# crawl4ai
> Web crawling and data extraction using the crwl CLI. Use this skill when users need to scrape websites, extract markdown content, handle JavaScript-heavy pages, or extract structured data from web pages.
- Author: Marcel Hild
- Repository: durandom/skills
- Version: 20260206095937
- Stars: 0
- Forks: 0
- Last Updated: 2026-02-06
- Source: https://github.com/durandom/skills
- Web: https://mule.run/skillshub/@@durandom/skills~crawl4ai:20260206095937
---
---
name: crawl4ai
description: Web crawling and data extraction using the crwl CLI. Use this skill when users need to scrape websites, extract markdown content, handle JavaScript-heavy pages, or extract structured data from web pages.
version: 1.0.0
crawl4ai_cli: crwl
last_updated: 2025-01-19
---
Extract web content as clean markdown using the `crwl` CLI. This skill handles static sites, JavaScript-rendered SPAs, and structured data extraction without requiring Python code.
**Primary use cases:**
- Convert documentation sites to markdown
- Scrape JavaScript-heavy pages (React, Vue, Obsidian Publish)

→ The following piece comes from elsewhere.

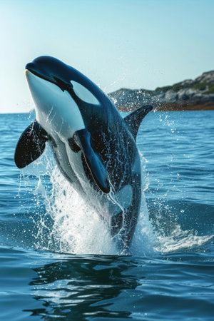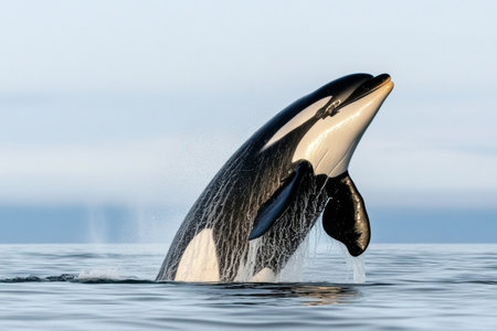 An orca whale leaps from the calm ocean waters, sending droplets cascading off its sleek black and white body. The moment captures the majesty of marine wildlife in its natural habitat.
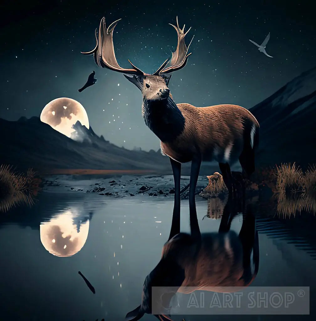 "Enchanted Lunar Antlers" is a stunning piece of artwork that captures the beauty and magic of a moonlit night. The central focus of the piece is a majestic deer with large, antlers that seem to glow in the moonlight. The antlers are adorned with delicate, intricate patterns that resemble the phases of the moon, giving them an otherworldly quality. The deer itself is depicted with a serene expression, as if it is at one with the nighttime world around it. The background of the piece is a deep, rich blue that fades into black, creating the illusion of an infinite night sky. The overall effect of the artwork is one of ethereal enchantment, as if the viewer has stumbled upon a mystical realm where the boundaries between reality and fantasy blur together.

- Extract structured data from e-commerce, news, or catalog sites
- Batch process multiple URLs
**Basic crawl:**
```bash
crwl crawl -o md https://example.com
```
**Save to file:**
```bash
crwl crawl -o md -O output.md https://example.com
```
**JavaScript-heavy site (use pre-made config):**
```bash
crwl crawl -C configs/spa.yaml -bc -o md "https://spa-site.com"
```
```bash
# Using uv (recommended) - include [all] for ML features
uv tool install 'crawl4ai[all]'
# Or with pip
pip install 'crawl4ai[all]'
# Run setup after installation
crawl4ai-setup
# Verify installation
crwl --help
crawl4ai-doctor
```
> **Note:** The `[all]` extra is required for ML features. Without it, `crawl4ai-download-models` will fail.
**Markdown extraction:**
```bash
crwl crawl -o md https://docs.example.com # Basic
crwl crawl -o md-fit https://docs.example.com # Filtered (removes boilerplate)
crwl crawl -o md -O docs.md https://docs.example.com # Save to file
```
**Structured data extraction:**
```bash
crwl crawl -j "extract product names and prices" https://shop.com # LLM-based
crwl crawl -s schema.json https://shop.com # Schema-based (faster)
```
**Deep crawling:**
```bash
crwl crawl --deep-crawl bfs --max-pages 10 https://docs.example.com # Breadth-first
crwl crawl --deep-crawl dfs --max-pages 5 https://blog.example.com # Depth-first
```
**Question answering:**
```bash
crwl crawl -q "What are the main features?" https://product.example.com
```
**Critical pattern for JavaScript-heavy sites (React, Vue, Obsidian Publish, etc.):**
CSS selectors alone don't workâthe element exists but content loads asynchronously. Use a **JS wait condition** that checks for actual rendered text.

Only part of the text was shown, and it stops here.